Vejamos quanto à primeira questão.
Dispõe o artigo 9.º, al. b) citado, que constitui fundamento de oposição à aquisição da nacionalidade portuguesa a condenação, com trânsito em julgado da sentença, pela prática de crime punível com pena de prisão de máximo igual ou superior a 3 anos, segundo a lei portuguesa.
As situações elencadas no artigo 9.º da Lei da Nacionalidade consubstanciam situações de facto, mas cuja constatação exige o recurso ao juízo administrativo, e uma vez declarado (com trânsito em julgado) constitui um obstáculo ao deferimento do pedido de aquisição da nacionalidade portuguesa.
Convém referir que neste tipo de acções de oposição o que se pede para apreciar e julgar são situações de facto em que tais fundamentos se traduzem.
Isto, desde logo, atento o teor literal da al. b) do artigo 9.º da Lei da Nacionalidade que não deixa grande margem ao intérprete na medida em que o que releva é a moldura penal abstracta, e não a pena efectivamente aplicada. Com efeito, resulta do n.º 2 do artigo 9.º do Código Civil que “Não pode ser considerado pelo intérprete o pensamento legislativo que não tenha na letra da lei o mínimo de correspondência verbal”.
Ora, quando a norma em questão fala em crime punível está necessariamente a referir-se à moldura penal abstracta e não a qualquer outra realidade punitiva (veja-se neste sentido o Acórdão do STA de 25.02.2016 in Proc. nº 1262/15, disponível em www.dgsi.pt, devidamente citado na sentença recorrida).
Pelo exposto, quanto à questão enunciada em primeiro lugar, concluímos que o fundamento de oposição a que alude o artigo 9.º al. b) citado exige apenas e só que o crime pelo qual o interessado foi condenado preveja pena de prisão igual ou superior a 3 anos, sendo totalmente irrelevante a pena que em concreto foi aplicada pelo tribunal criminal e, por conseguinte, inadmissíveis avaliações casuísticas dos factos e da condenação penal.

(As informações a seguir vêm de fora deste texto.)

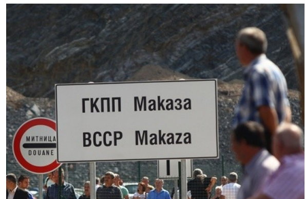
Grenspunt Makaza was gesloten sinds het einde van WO II in 1945.

Bedienden in de openbare sector die met een computer werken konden meer dan twintig jaar lang genieten van zes betaalde verlofdagen extra per jaar. Aan deze gunstmaatregel voor 600.000 werknemers is in september een einde gekomen als onderdeel van de besparingsmaatregelen.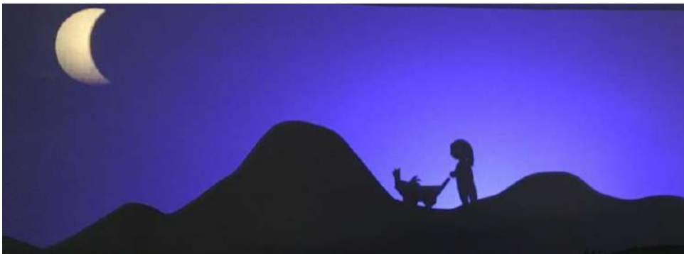
Sur la toile de fond qui représente les montagnes.

Plusieurs emplacements pour développer le théâtre d'ombre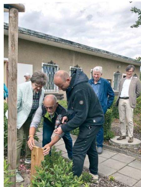
Mit dem Anbringen der Messingplakette ist die Pflanzung komplett.

Wir wünschen Frau Ahlert für die Zukunft alles Gute und viel Gesundheit. -kvl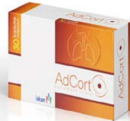
Дозировка: 1700 мг x 30 капсул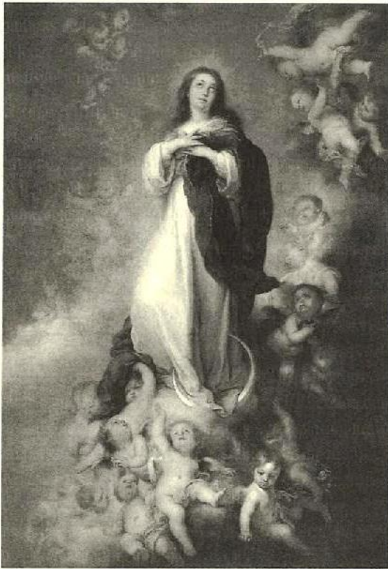
Murillo: Inmaculada de Los Venerables

Con relación a Los Venerables recordemos que las postrimerías del XVII fueron testigos de un importante acontecimiento: el final de su templo, decorado con pinturas de Murillo y de Valdés Leal. Cuenta Ortiz de Zúñiga que Don Pedro Colbert, Almirante General de la Armada de la Mar Océana «dirigió y dispuso» las pinturas de la Iglesia, pero no tuvo el gusto de ver colocar el Santísimo pues murió de un «insulto» (indisposición repentina).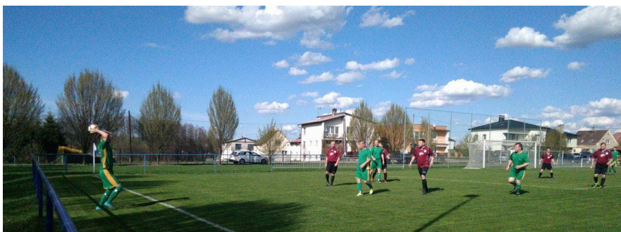
Obr. Utkání v Bohuslavicích ►

Dolní Benešov opět potvrdil, že hraje jak na houpačce. Tentokrát byl nahoře a zvítězil. Prvních třicet pět minut byly jasně v režii Benešova, a právě ty rozhodly o jeho výhře. Hned po pár sekundách se domácí družina ujala vedení, když Mlýnek vyslal do uličky Ševčíka, který našel nahrávkou pod sebou Stříbného, který dorážel do prázdné branky - 1:0. Po čtvrt hodině hry našel Stříbný Mlýnka, jehož střela orazítkovala břevno, a všude byl Polák hlavou zametl míč do sítě - 2:0. Pak šel dvakrát sám na gólmána Stříbný, ale neuspěl. Ve 33. minutě našel Husovský dlouhým balonem za obranou Mlýnka, který nasadil kličku gólmanovi a zasouval do prázdné klece - 3:0. Teprve teď se začaly osmělovat i Sudice. Střely Riemela, Havrankeho a Vojtěch Kryštofa si ale svůj cíl nenašly. Úvod druhé půle patřil Sudicím, když se ve 47. minutě odrazil balon na malém vápně k Tomáši Kryštofovi, který už neměl problém ho zasunout za záda brankáře - 3:1 . Sudice pak byly opticky lepším týmem, ale jejich snaha většinou končila před šestnáctkou. Dostaly se k pár střelám Havrankeho, Valníčka a Tomáše Kryštofa. Benešov naopak hrozil neustále z rychlých brejků. Husovský sám trefil jen brankáře, Ševčík dvakrát ztroskotal na gólmanovi a Kichner zase netrefil brankovou konstrukci. Skóre se už nezměnilo a Benešov si tři body uhájil.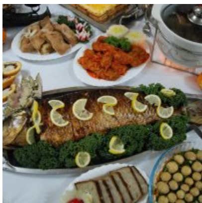
Zatorski Karp na Świątecznym Stole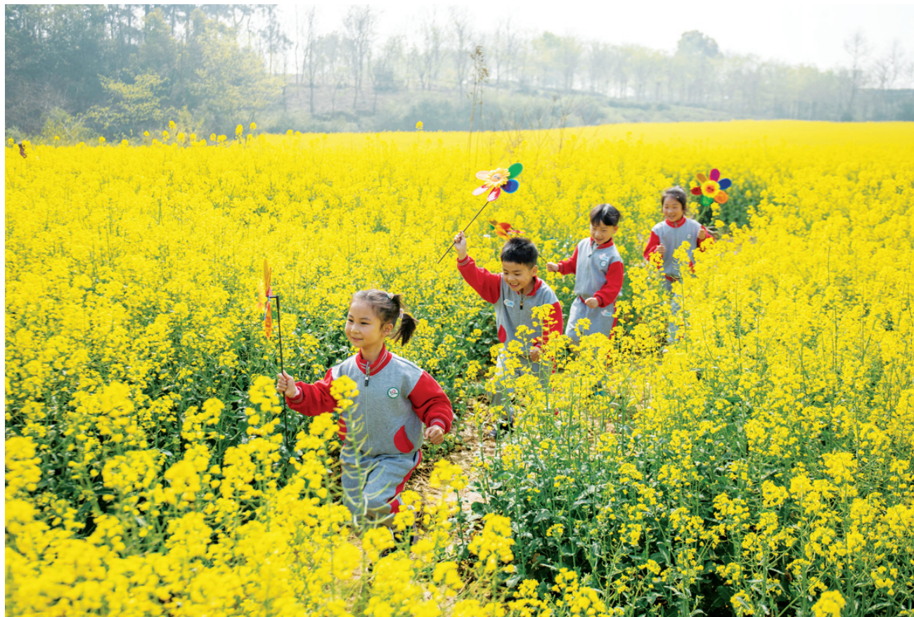
4月1日，浙江省湖州市长兴县泗安镇长岗岭村，小朋友在花田中奔跑。春光明媚，百花绽放，人们纷纷来到户外，感受春暖花开的美好。

在提升办案质效方面，最高检要求，要深入推动检察赋能法律监督，加强线索发现核查以及风险排查，对黑恶组织惯常实施的犯罪的警情、线索、案件，重点审查、串并分析、建模深挖，及时发现掌握“乱生恶”的动向和“恶变黑”的线索、信号，监督督促公安机关及时查处、查深查透。并且，要持续完善省级人民检察院统一把关机制，持续开展落实情况督导检查，压实把关责任。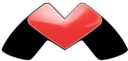
Clubblad MSX Vriendenclub Marienberg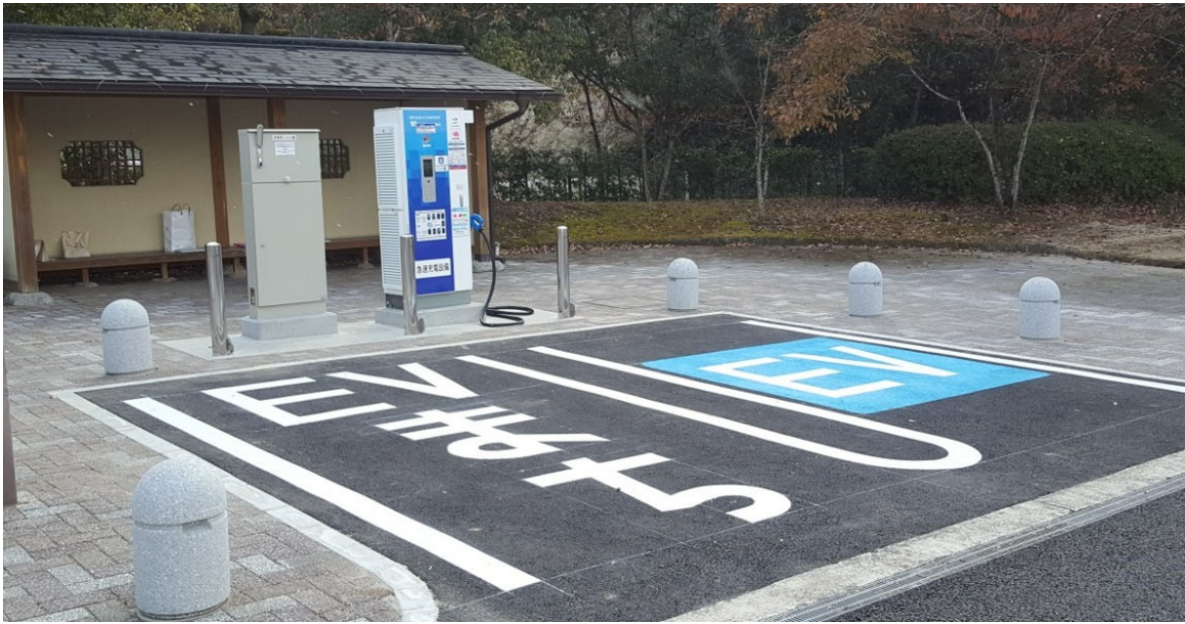
急速充電設備 整備イメージ (参考:E3 九州自動車道 玉名PA 下り線)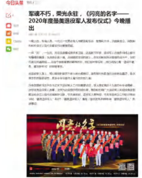
▲颁奖典礼为第二组2020年度“最美退役军人”颁奖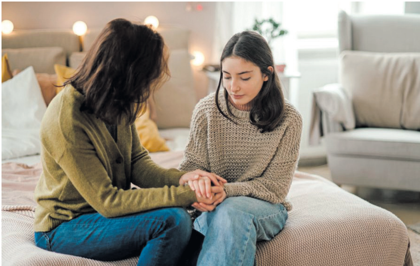
Die seltenen, schweren Blutkrankheiten SCD und TDT beeinträchtigen das Leben der Betroffenen und ihrer Familien erheblich.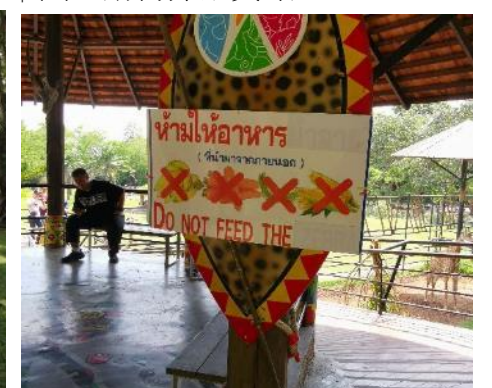
↑ 禁止餵食其他食物公告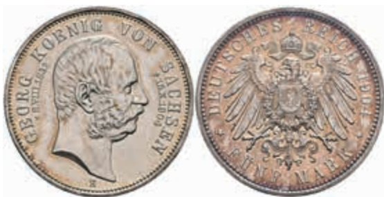
559 5 Mark, 1904, Georg, auf seinen Tod, wz. Kr. und kl. Rf., f. st. J. 133 200,—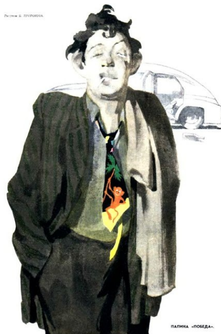
Рис. 5. Костюм «с искрой», галстук «с обезьянкой» – неперенные атрибуты молодого бездельника и шалопа из «приличной» семьи [9]

Бесспорно, феномен стилижничества был куда более глубоким, чем его представляла советская власть. Данная субкультура явилась своеобразным стихийным протестом против навязываемых стереотипов поведения, а также против единообразия в одежде, музыке и в стиле жизни. Стилижничество не создало полноценных самостоятельных образцов молодежной культуры. Однако мировоззрение стилиг оказало немалое влияние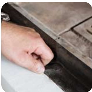
Luft- und Drosselklappen ganz öffnen.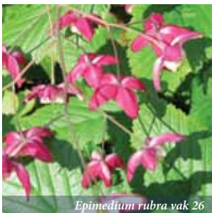
Epimedium rubra vak 26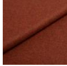
Wooly Trend 380037 Rust 1039025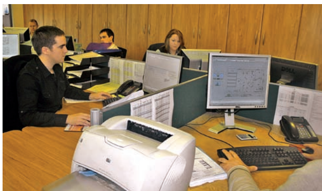
Oddělení s počítačovými experty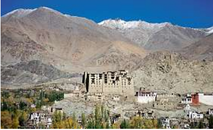
Der alte Königspalast von Leh steht zwar leer, aber in den Strassen und auf den Märkten des Hauptortes herrscht emsiges Treiben.

die 48 Grad in Delhi ein veritabler Schock. In einer dreitägigen Busfahrt, bei der abgesehen vom dauernd plärrenden Radio wahrscheinlich jedes mechanische Teil des Busses einmal geflickt werden muss, flüchten wir in die Kühle der Berge.

A segunda questão prende-se, em primeiro lugar como referimos supra, com a conformidade do artigo 9.º, al. b) da Lei da Nacionalidade, no sentido supra exposto, com o artigo 15.º, n.º2, 2ª parte da DUDH.
Dispõe com efeito o referido artigo 15.º, no seu n.º 1, que “ Todo o homem tem direito a uma nacionalidade” e no seu n.º 2 que “ Ninguém será arbitrariamente privado da sua nacionalidade, nem do direito de mudar de nacionalidade".
O que parece resultar evidente da norma em apreço é a salvaguarda do acesso à nacionalidade através de um Regulamento inserido num sistema normativo prévio, a cargo do órgão legislativo do Estado, com previsão de garantias bastantes de legalidade e isenção.
Na legislação portuguesa, a previsão de um impedimento ao acesso à nacionalidade – para quem já tem uma outra nacionalidade de origem – directamente relacionada com uma moldura penal aplicável a um facto criminoso comprovadamente da autoria do interessado (por decisão transitada em julgado), não se pode classificar como um impedimento arbitrário ou discricionário. Pelo contrário, relaciona-se com uma previsão legal, regra geral em lei de carácter reforçado, e numa avaliação feita por um tribunal, ainda que noutra sede (penal).
Por conseguinte, quanto à conformidade do entendimento expresso na sentença com aquela norma de direito internacional, não se nos afigura que exista qualquer lesão ou violação da mesma.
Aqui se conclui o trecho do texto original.